3.2.2 Electrochemical. Electrochemical detection offers a label-free and scalable approach for phenotypic AST, relying on the quantification of bacterial metabolic activity, redox potential, or impedance signatures. Its inherent electrical simplicity, low cost, and compatibility with integrated circuits make it especially attractive for point-of-care diagnostics. Jeon et al. presented a microfluidic flow chamber platform combining tree-like mixers and embedded gold electrodes to detect changes in double-layer capacitance resulting from bacterial growth.50 Without using any labels or optical components, the system accurately measured the susceptibility of E. coli to various antibiotics. The platform's automated mixing, parallel channels, and low detection limit highlight its suitability for integration into portable systems.

In contrast, Rafiee and Choi introduced a 3D paper-based microbial fuel cell for AST of P. aeruginosa biofilms91 (Fig. 6B).

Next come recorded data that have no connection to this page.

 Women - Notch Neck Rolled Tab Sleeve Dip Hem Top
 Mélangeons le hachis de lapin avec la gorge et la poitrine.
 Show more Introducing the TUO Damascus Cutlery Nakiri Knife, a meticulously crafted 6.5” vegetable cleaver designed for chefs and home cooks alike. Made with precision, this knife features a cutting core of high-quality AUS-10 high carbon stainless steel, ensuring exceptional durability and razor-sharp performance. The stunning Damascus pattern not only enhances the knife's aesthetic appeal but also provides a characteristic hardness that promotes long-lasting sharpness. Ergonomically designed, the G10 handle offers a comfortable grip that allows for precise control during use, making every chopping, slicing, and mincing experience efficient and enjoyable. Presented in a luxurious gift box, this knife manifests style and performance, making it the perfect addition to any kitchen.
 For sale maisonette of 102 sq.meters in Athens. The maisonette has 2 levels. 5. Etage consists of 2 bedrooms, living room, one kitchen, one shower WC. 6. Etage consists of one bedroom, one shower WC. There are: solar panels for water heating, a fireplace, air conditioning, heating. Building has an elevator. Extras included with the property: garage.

This innovative design captures real-time metabolic activity via electrical current generated by electron transfer processes. Though tailored to electrogenic bacteria and biofilm models, its low cost, portability, and reagent-free operation are promising for antimicrobial screening and resistance profiling in resource-limited environments. Domingo-Roca et al. focused on 3D-printed impedance biosensors using hydrogel overlays for rapid, label-free AST.92 Their platform showcased the potential of fully additive manufacturing to fabricate disposable, customizable electrochemical chips. Crane et al. developed a multiplex electrochemical lab-on-a-chip capable of testing seven antibiotics simultaneously against UTI pathogens using redox dye-based voltammetry.93 With integrated hydrogels and screen-printed electrodes, the device enables rapid result delivery using unprocessed urine. Its robust multiplexing capability and reagent stability underline strong translational potential.

Together, these platforms demonstrate the breadth of electrochemical AST from impedance and redox-based detection to self-powered microbial fuel cell systems, each balancing throughput, speed, and operational simplicity. Electrochemical methods hold particular promise for decentralized testing due to their compact hardware requirements and seamless integration with microfluidic form factors.

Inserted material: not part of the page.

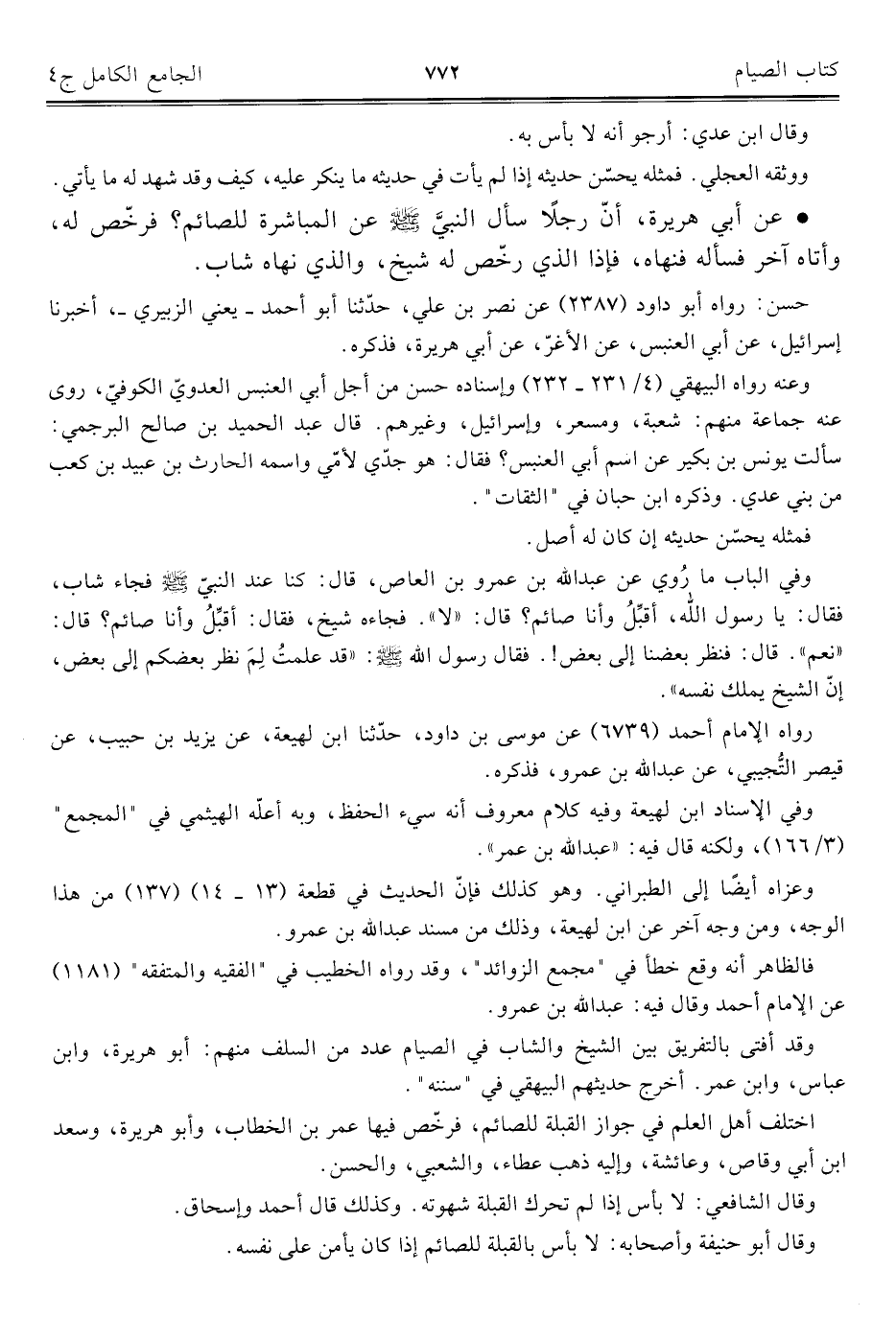 وفي الباب ما رُوي عن عبد الله بن عمرو بن العاصي، قال: كنا عند النبيّ - صلى الله عليه وسلم - فجاء شاب، فقال: يا رسول الله، أقبِّلُ وأنا صائم؟ قال: "لا". فجاءه شيخ، فقال: أقبِّلُ وأنا صائم؟ قال: "نعم". قال: فنظر بعضنا إلى بعض! . فقال رسول الله - صلى الله عليه وسلم -: "قد علمتُ لِمَ نظر بعضكم إلى بعض، إنّ الشيخ بملك نفسه".

3.3 Mechanical detection for phenotypic microfluidic AST

Cantilever-based sensors are a class of nanomechanical devices that transduce bacterial activity into measurable physical displacements or vibrations. Zhou et al. demonstrated a fiber-integrated cantilever system employing Fabry–Pérot interferometry to track nanoscale fluctuations of bacteria immobilized on the cantilever surface.94 Antibiotic exposure reduced the vibrational variance significantly, enabling bacterial viability determination. The compact optical design requires no labeling or imaging and is compatible with fluidic environments. Building on this principle, Sturm et al. developed a high-throughput platform using atomic force microscopy cantilevers combined with machine learning to classify nanomotion signals across thousands of clinical isolates.23 Their system accurately predicted susceptibility using blood culture samples, showing strong clinical potential. Taken together, these studies highlight the utility of cantilever-based nanomechanical sensing as a fast, label-free, and growth-independent approach to AST.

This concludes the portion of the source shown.